Redemptions from major clients have caused the assets of the world’s 500 largest fund managers to slip for the first time in five years, according to a Financial Times
Total assets dipped by US$1.4 trillion to US$76.7 trillion – the first time funds under management have sunk since 2011, with the biggest drops experienced by European investment houses.
The dip comes after a US$46.5-billion pullout from investment managers in 2015 by sovereign wealth funds, a move they did to support their oil-dependent economies.
“The decline in global assets demonstrates the impact of the challenging investment landscape and currency fluctuations on asset managers across the globe,” said Luba Nikulina, global head of manager research at Willis Towers Watson, which collaborated with publication Pension & Investments
to put together the research. “The economic slowdown has impacted investment performance. At the same time, asset owners [pension funds and sovereign wealth funds] are rethinking their business models by internalizing asset management capabilities.”

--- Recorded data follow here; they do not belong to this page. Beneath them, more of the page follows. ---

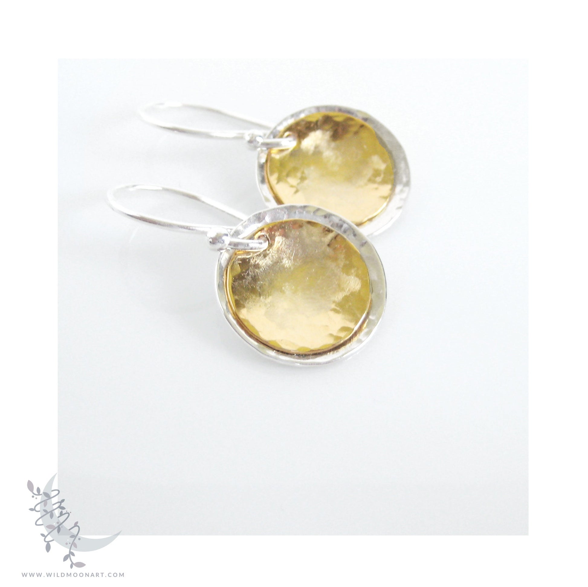 Lunar Eclipse · These Sterling Silver & 14k Gold Filled discs were hand hammered for texture and formed into a gentle concave shape. The metal discs were then brushed & polished for shine and suspended from handmade Sterling Silver ear wires.
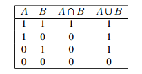 Here, an entry 1 means that x is in the set pointed to by the column head, and 0 tells us that it is not.
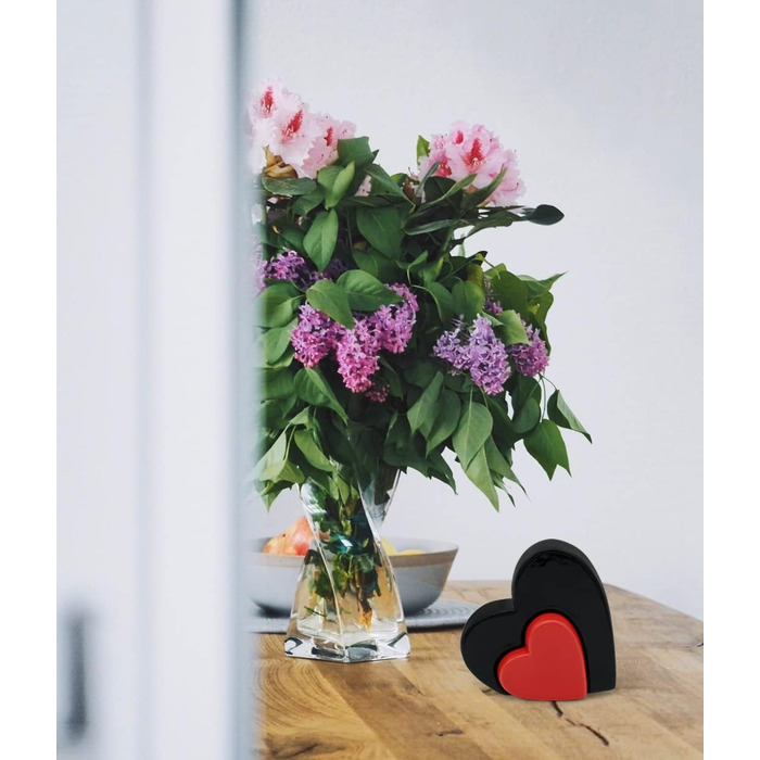Опис Стильні подвійні серця для прикраси - сучасне декоративне серце з кераміки висотою 13 см в чорно-червоному кольорі в наборі - скульптура подвійного серця гарний подарунок
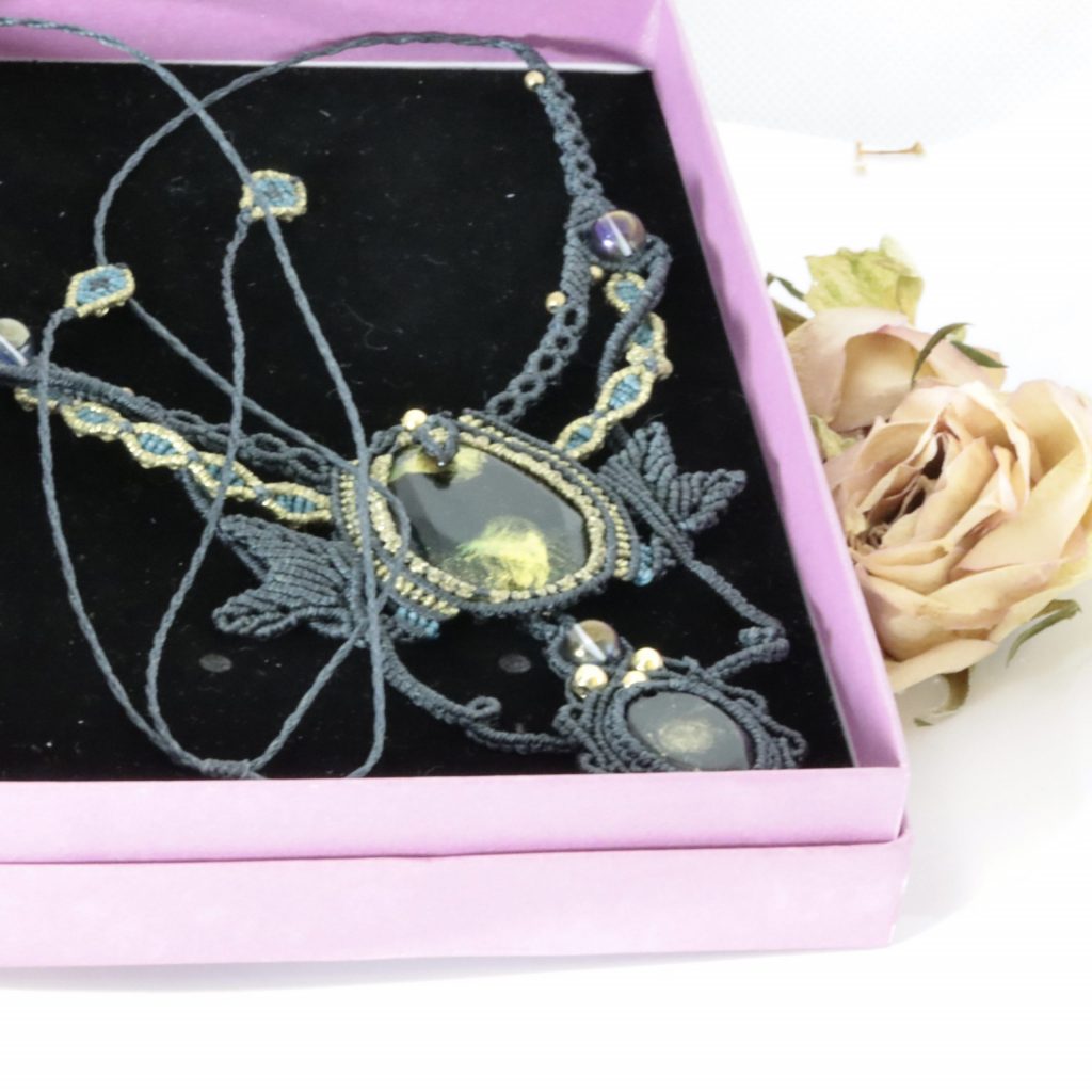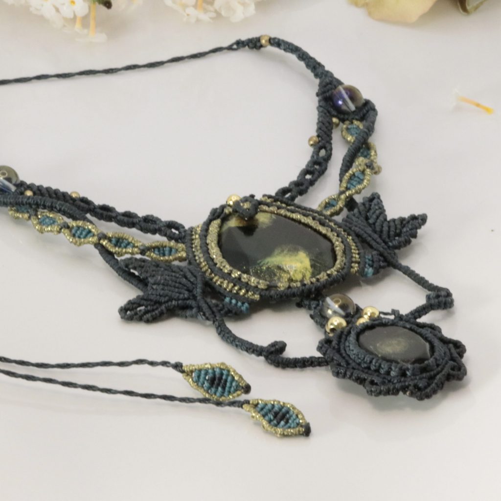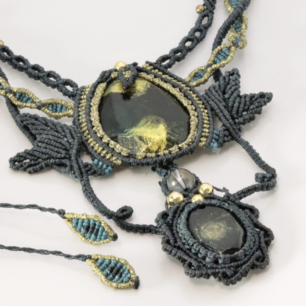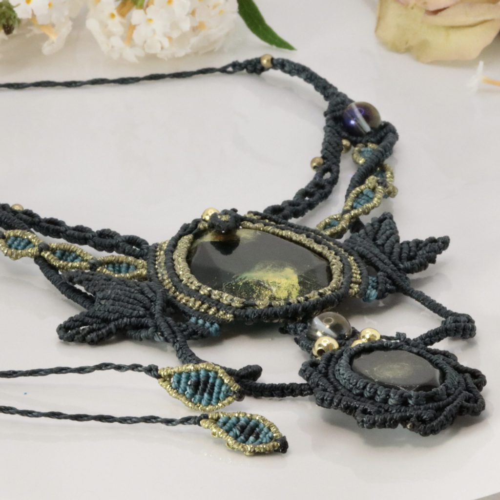 Laissez-vous envoûter par ce collier en résine et micro-macramé, où deux cabochons bleu orage se mêlent à des perles d’Aqua aura et de laiton plaqué or. Un bijou unique qui incarne l’élégance et le mystère.

A case in point is Calstrs, the third-largest US pension scheme, which last week announced its intention to redeem approximately US$20 billion from its external fund managers. “For every US$10 we pay an outside manager [to run our assets], we would pay US$1 inside,” said Calstrs CEO Jack Ehnes. “That is a pretty daunting ratio.”
According to the research, US fund managers’ AUM dropped to US$44 trillion in the year to the end of 2015, while European managers took a more significant 3.3% blow that has taken them down to US$25.1 trillion.
The top 20 managers’ assets saw a 1% decrease from US$32.5 trillion to $US32.1 trillion, their share of total assets rose from 41.6% to 41.9%.
“It has been a tough last few years [for asset managers] and unfortunately this is set to continue,” said Numis analyst David McCann, who went on to predict more industry consolidation as pressure from decreasing profit margins mounts.